By inserting \(q = 1 - p\), we find the following expression for the mean:

\[\begin{aligned} \boxed{ \mu = N p } \end{aligned}\]

Next, we use the same trick to calculate \(\overline{n^2}\) (the mean of the squared number of successes):

\[\begin{aligned} \overline{n^2} &= \sum_{n = 0}^N n^2 \binom{N}{n} p^n q^{N - n} = \sum_{n = 0}^N n \binom{N}{n} \Big( p \pdv{p} \Big)^2 p^n q^{N - n} \\ &= \Big( p \pdv{p} \Big)^2 \sum_{n = 0}^N \binom{N}{n} p^n q^{N - n} = \Big( p \pdv{p} \Big)^2 (p + q)^N \\ &= N p \pdv{p} p (p + q)^{N - 1} = N p \big( (p + q)^{N - 1} + (N - 1) p (p + q)^{N - 2} \big) \\ &= N p + N^2 p^2 - N p^2 \end{aligned}\]

Using this and the earlier expression for \(\mu\), we find the variance \(\sigma^2\):

\[\begin{aligned} \sigma^2 &= \overline{n^2} - \mu^2 = N p + N^2 p^2 - N p^2 - N^2 p^2 = N p (1 - p) \end{aligned}\]

Once again, by inserting \(q = 1 - p\), we find the following expression for the variance:

\[\begin{aligned} \boxed{ \sigma^2 = N p q } \end{aligned}\]
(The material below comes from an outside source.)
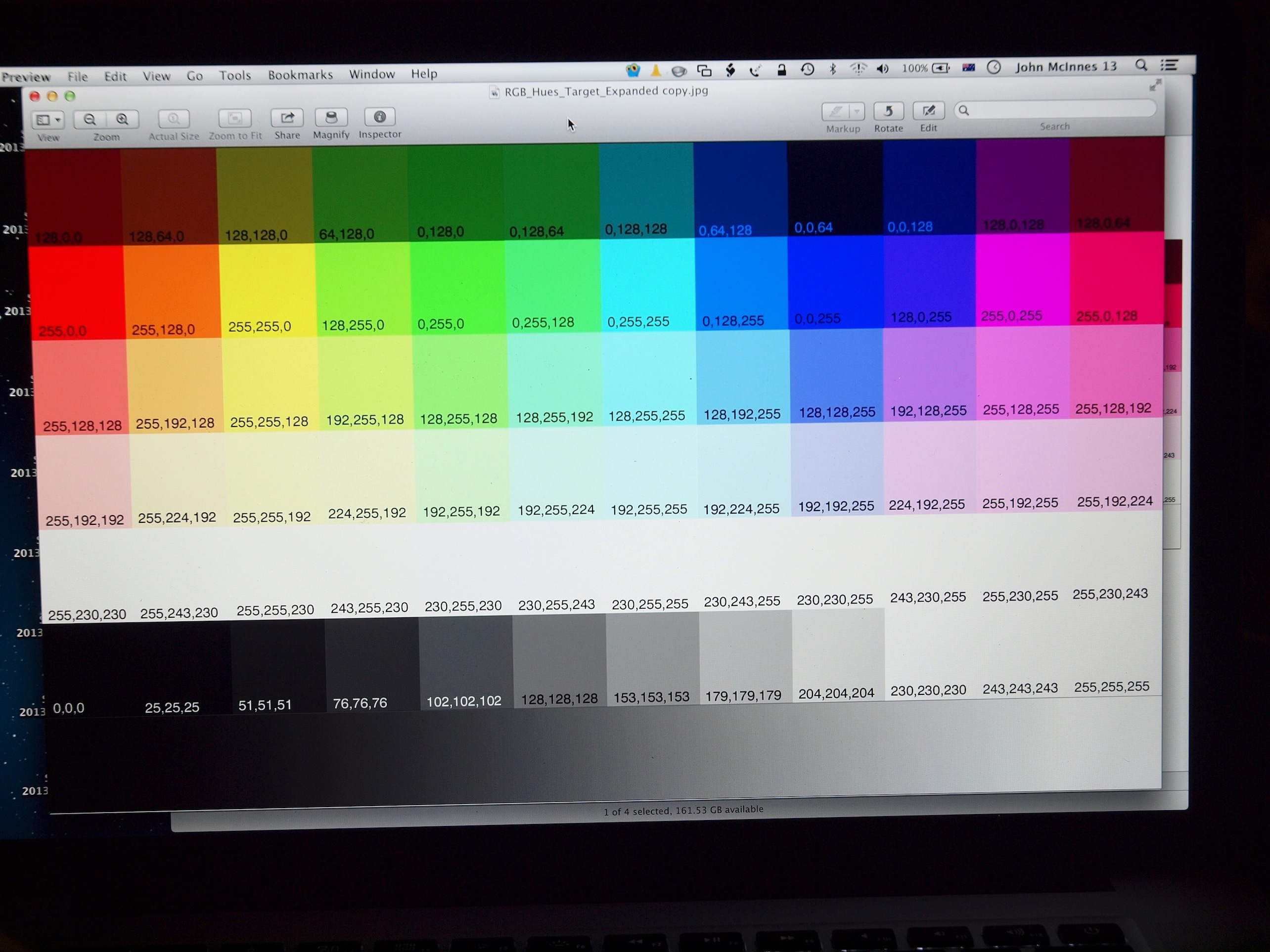Now here is where it got interesting. Some time after doing these various bits of playing around I noticed that the MBPR was showing the above checker satisfactorily on its own screen. I the re-did the Spyder 4 process and the resulting calibration is really quite good. I also looked at a white and a black colour checker, and shade 5 is distinguishable form 0, and 254 from 255, and no "pink makeup" effect.

As \(N\) grows to infinity, the binomial distribution turns into the continuous normal distribution. We demonstrate this by taking the Taylor expansion of its natural logarithm \(\ln\!\big(P_N(n)\big)\) around the mean \(\mu = Np\):

\[\begin{aligned} \ln\!\big(P_N(n)\big) &= \sum_{m = 0}^\infty \frac{(n - \mu)^m}{m!} D_m(\mu) \quad \mathrm{where} \quad D_m(n) = \dv[m]{\ln\!\big(P_N(n)\big)}{n} \end{aligned}\]

We use Stirling’s approximation to calculate all these factorials:

\[\begin{aligned} \ln\!\big(P_N(n)\big) &= \ln(N!) - \ln(n!) - \ln\!\big((N - n)!\big) + n \ln(p) + (N - n) \ln(q) \\ &\approx \ln(N!) - n \big( \ln(n)\!-\!\ln(p)\!-\!1 \big) - (N\!-\!n) \big( \ln(N\!-\!n)\!-\!\ln(q)\!-\!1 \big) \end{aligned}\]

For \(D_0(\mu)\), we need to use a stronger version of Stirling’s approximation to get a non-zero result. We take advantage of \(N - N p = N q\):

\[\begin{aligned} D_0(\mu) &= \ln(N!) - \ln\!\big((N p)!\big) - \ln\!\big((N q)!\big) + N p \ln(p) + N q \ln(q) \\ &= \Big( N \ln(N) - N + \frac{1}{2} \ln(2\pi N) \Big) - \Big( N p \ln(N p) - N p + \frac{1}{2} \ln(2\pi N p) \Big) \\ &\qquad - \Big( N q \ln(N q) - N q + \frac{1}{2} \ln(2\pi N q) \Big) + N p \ln(p) + N q \ln(q) \\ &= N \ln(N) - N (p + q) \ln(N) + N (p + q) - N - \frac{1}{2} \ln(2\pi N p q) \\ &= - \frac{1}{2} \ln(2\pi N p q) = \ln\!\Big( \frac{1}{\sqrt{2\pi \sigma^2}} \Big) \end{aligned}\]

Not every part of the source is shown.